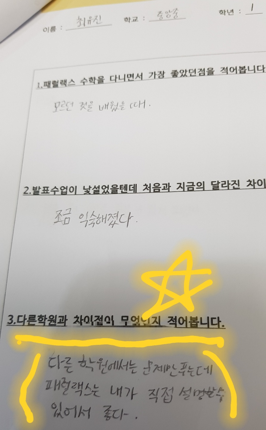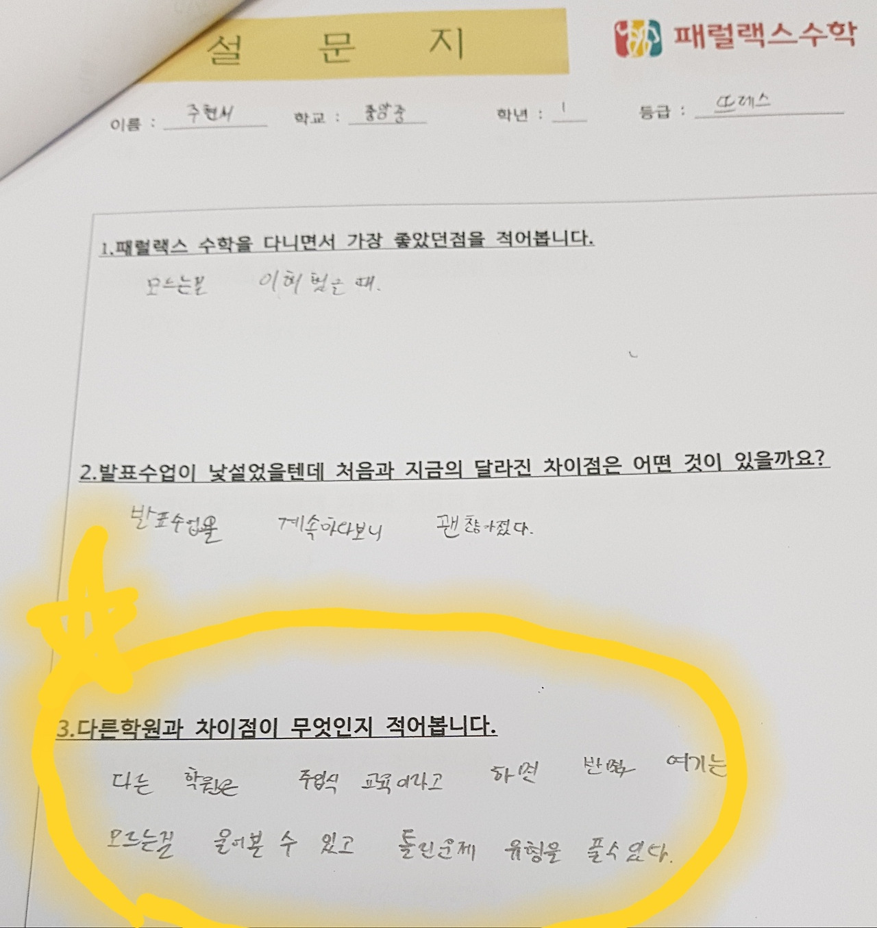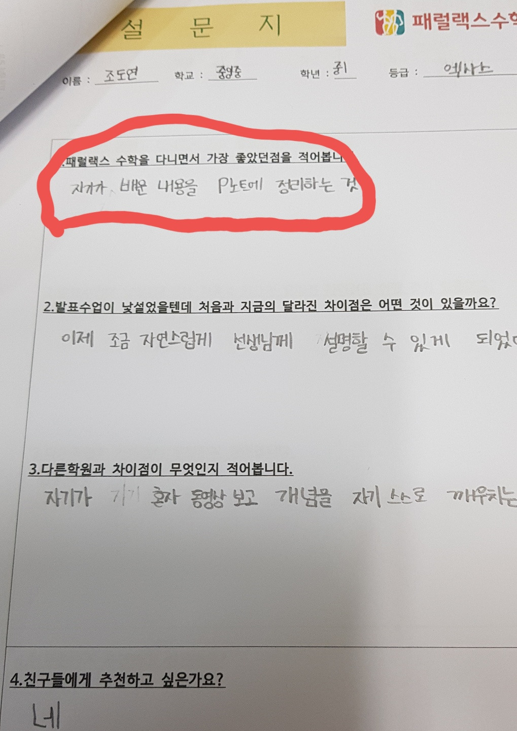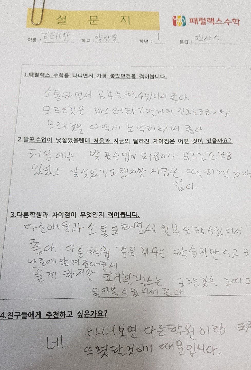 ● 패럴랙스 수학 9월 수업 후 학생들의 소감은
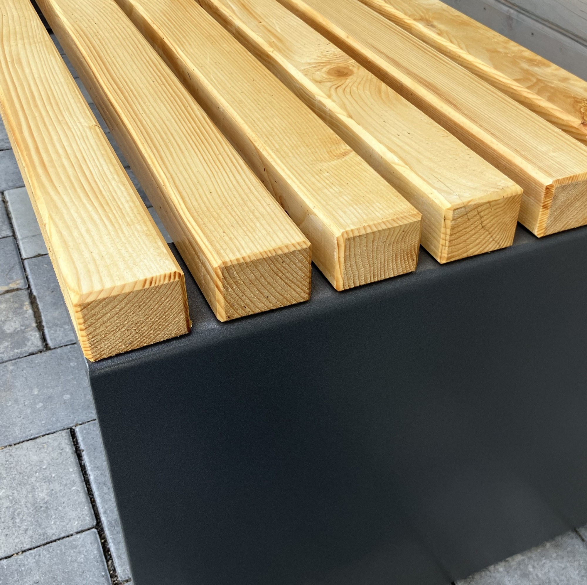 - Die Parkbank ist auch ohne Rückenlehne erhältlich.
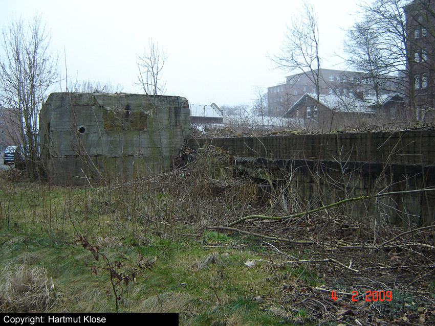 Teilbereiche der alten Werftmauer mussten aufgrund Baufälligkeit mittlerweile entfernt werden. Nun ist der Südostbereich des Bunkers von der Straße aus gut zu erkennen. Am dortigen Eingang hängt seit längerer Zeit (mindestens seit 2004) ein BW-Tarnnetz:
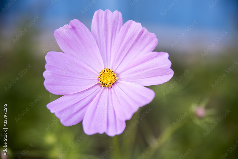 Pink space flower (Cosmos Bipinnatus) with blurred background
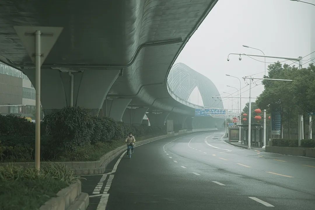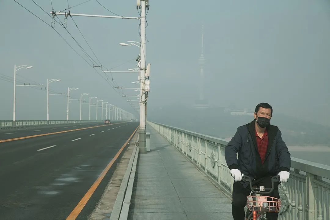 戴着口罩手套骑行过桥的武汉人 图丨炀燚
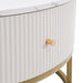 Modern Nightstand With Drawer, Marble Round End Table - White
════════════════
[Work item]: In the answer, the lines from the one containing "- Die Parkbank" to the end of the records above must be written out exactly, both ends included; the pictures must not appear.

[Solved exercise]:
 - Die Parkbank ist auch ohne Rückenlehne erhältlich.
 Teilbereiche der alten Werftmauer mussten aufgrund Baufälligkeit mittlerweile entfernt werden. Nun ist der Südostbereich des Bunkers von der Straße aus gut zu erkennen. Am dortigen Eingang hängt seit längerer Zeit (mindestens seit 2004) ein BW-Tarnnetz:
 Pink space flower (Cosmos Bipinnatus) with blurred background
 戴着口罩手套骑行过桥的武汉人 图丨炀燚
 Modern Nightstand With Drawer, Marble Round End Table - White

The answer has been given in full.